Sebastien Rousseau

Personal information
- Full name: Sebastien Daniel Rousseau
- National team: South Africa
- Born: 10 September 1990 (age 35) Sandton, South Africa
- Height: 1.91 m (6 ft 3 in)
- Weight: 88 kg (194 lb)

Sport
- Sport: Swimming
- Strokes: Freestyle, butterfly, medley
- Club: Vineyard Swim Club; Gator Swim Club
- College team: University of Florida (U.S.)
- Coach: Karoly von Toros (South Africa) Gregg Troy (U.S.)

= Sebastien Rousseau =

South African swimmer (born 1990)

Sebastien Daniel Rousseau (born 10 September 1990) is a competition swimmer who has represented South Africa in three Summer Olympics and other international swimming championships. He is married to Holly.

== Career ==
Rousseau is the South African record holder in the 400m Individual Medley (LCM) with a time of 4:11.11, which he achieved while winning the event at the 2013 U.S. Open. He competed in the 2009 and 2011 World Swimming Championships, in Rome and Shanghai respectively. He competed in the 2010 and 2014 Commonwealth Games, in Delhi and Glasgow respectively. He competed in the 4 × 200 metre freestyle relay event at the 2008 Summer Olympics and the 4 × 200 metre freestyle relay event at the 2012 Summer Olympics.

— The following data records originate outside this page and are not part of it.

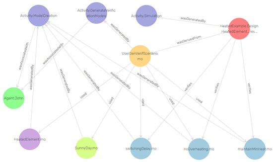 - Activities—An activity is something that occurs over a period of time and acts upon or together with entities. It may include using, processing, transforming, modifying, or generating entities. In our work, activities include creating and modifying models, simulations, verifications, and reports.
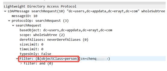 3、通过抓包看,AC上配置的objectClass是person。
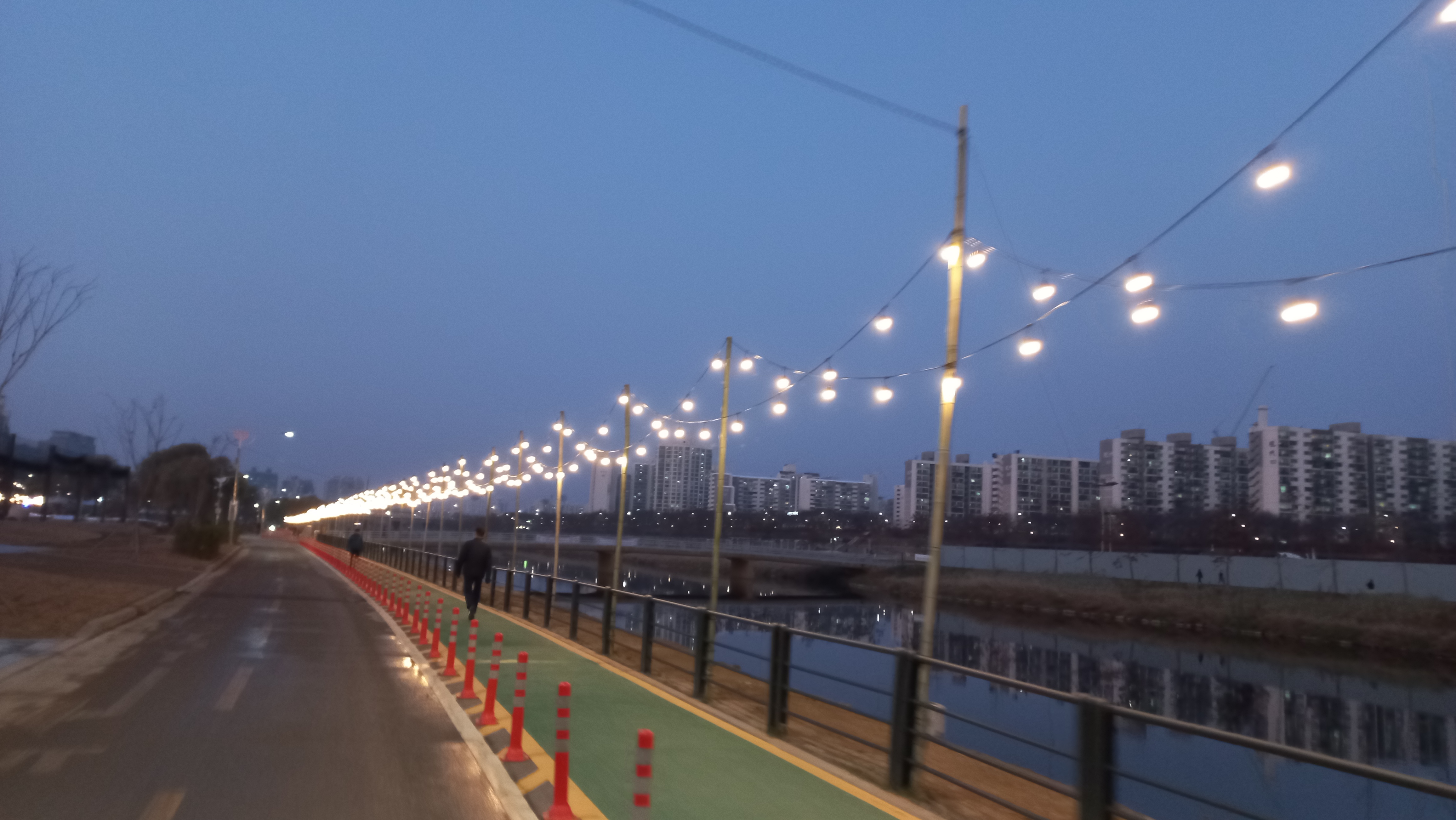 늦은 오후 안양천에 자전거를 타러 갔다가 돌아오는 길에 어두워졌는데, 신정동 안양천 생태공원 일대에 환한 조명이 들어와서 잠시 구경했습니다.
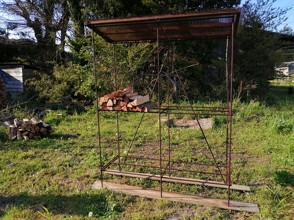 筋交いの効果でグラつきもありませんから、薪程度を乗せるなら単管よりも安い異型鉄筋で十分だとは思っています。
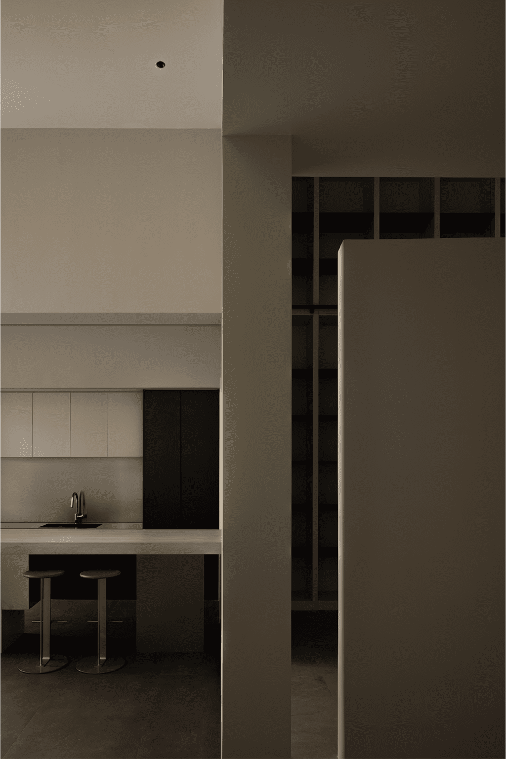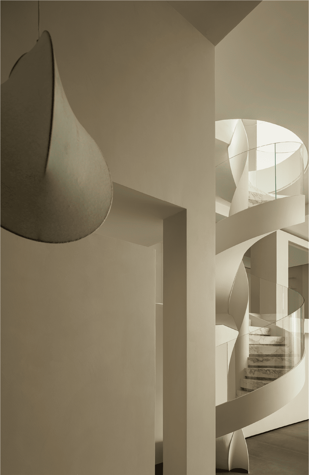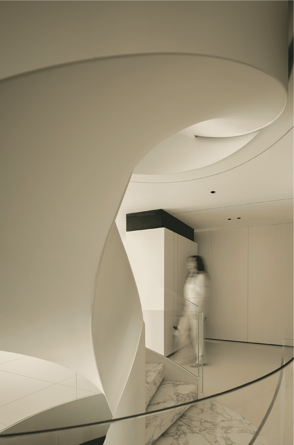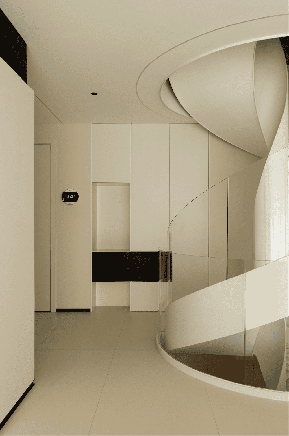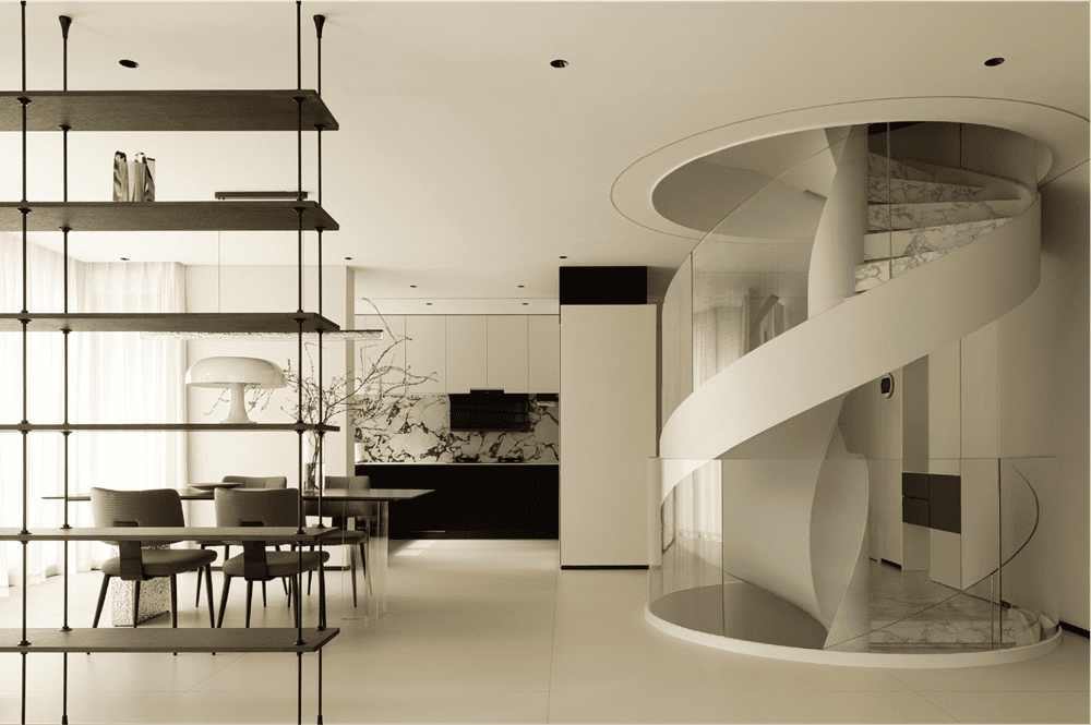 左侧是一个流动的旋转楼梯,右侧是一个有趣的玻璃盒子。底层是娱乐空间,朋友们来时可以在吧台喝上几杯,非常惬意。空间内也设置了儿童游乐空间,在这里,空间内的每个人都可以在各个区域单独活动。简洁的黑白色调、干净的材质在空间中相得益彰。不锈钢台面和洞石岩板使空间更加简洁。空间是需要通过高低层次来体现的。空间层次可以使居住者的内心发生变化,在空间中过渡 —— 心理变化的产生、体量的大小,都与设计规划密不可分。地下空间呈现出室内光影变化的层次效果,白墙的力量在于其纯净、明亮的特性,为整个空间带来清新、开放的氛围。白色的墙壁成为光线的引导者,将自然光引入每个角落,营造出宁静、开放的生活环境。

At the 2014 Commonwealth Games, he won bronze medals in the 400m individual medley, 200m butterfly, 4 × 200 m freestyle relay and 4 × 100 m medley relay. At the 2016 Summer Olympics, he competed in the 400 m individual medley where he finished 21st in the heats with a time of 4:18.72 and did not qualify for the final. He also competed in the 200 m butterfly where he finished 23rd in the heats with a time of 1:57.33 and did not qualify for the semifinals. He was part of South Africa's 4 × 200 m freestyle relay team that finished 10th in the heats and did not qualify for the final. Rousseau retired from competitive swimming following the Rio Olympic Games in 2016.